I say no to lots of things these days. I still suffer from FOMO and worry I’ve missed an opportunity, but as a wise friend of mine once said: “You can do anything, but you can’t do everything.”
The biggest ‘distraction’ I’ve said no to—and it took me a long time to let it go—was teaching writing. I love teaching and enjoy interacting with like-minded people, sharing what I know and learning from them, but it is no longer my passion. Writing is my passion. Not just that, but seeing a book come to fruition. Eventually I realised that I was spending a huge chunk of time preparing teaching materials and less and less doing what I really loved: creating fiction.
I also have a Fear Of Putting Myself Out There, so saying no comes with lots of angst and self-reflection. If I’m saying no because of fear, then I try to push myself outside my comfort zone and say yes. But that is always judged against my goals for writing and health—though I rarely say no to lunch with friends! What marketing tactics should authors avoid?
Don’t shout about your book. Talk about it. Talk about your journey, the story, your characters and your research. Make your potential readers curious. While we all want that immediate sale, effective book marketing is mostly about building relationships.
Avoid anyone who promises to have the magic bullet.
There is no magic bullet. The publishing landscape changes all the time, it’s a crowded market run by algorithms and to be successful in marketing you need to stay abreast of all the changes. Follow people like Joanna Penn and Jane Friedman who are active in the industry and have a track record of good advice and insight.
Sadly, there are unscrupulous people who trade on exploiting our dream.Do your research. Check Writers Beware (https://www.sfwa.org/) for known scams, and join communities like the Alliance of Independent Authors (ALLi) who keep on top of scammers and dodgy publishers.
What new realizations and/or approaches have helped you achieve your goals?
There is an old song that has been running through my head and the chorus goes: “Pick yourself up, dust yourself off, and start all over again.”

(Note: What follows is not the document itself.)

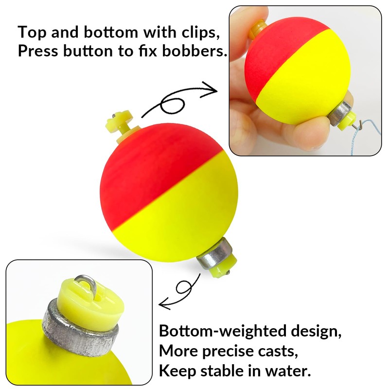 - Weighted Design for Accurate Casting: Each fishing bobber features lead weights for stable flight reduced line tangles and upright water positioning, allowing for more precise and long-distance casts.

You can’t get much better advice than that.
Of course, the difference between intention and action is planning and it is not enough just to have a goal, you have to plan how to achieve that goal. For writers, it always comes down to putting your bum in a chair and your hands on the keyboard (a pen to your notebook; your mouth to dictation software) and getting the words down. It is not always possible to do daily writing or to carve out long tracts of time alone to write, but the more you do it, the easier it flows, and the quicker you will find your process.

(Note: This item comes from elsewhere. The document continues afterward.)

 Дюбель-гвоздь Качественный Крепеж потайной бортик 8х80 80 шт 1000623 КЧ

And don’t forget to enjoy it!
When you feel overwhelmed or have lost your focus temporarily, what do you do?
I was going to say I walk, which I do, but mostly my first response is to make coffee! I can always tell how well my writing day has gone by howmany half-finished cups of coffee I’ve left around the house… Any other tips?
One of the biggest lessons I’ve learned is this: writing is a valid occupation and there is no shame—and it is not selfish—to pursue a dream if it nurtures your soul. Of course, we all have to live, so it might be something you have steal time to do for a while, but if it is truly your passion, do not give up.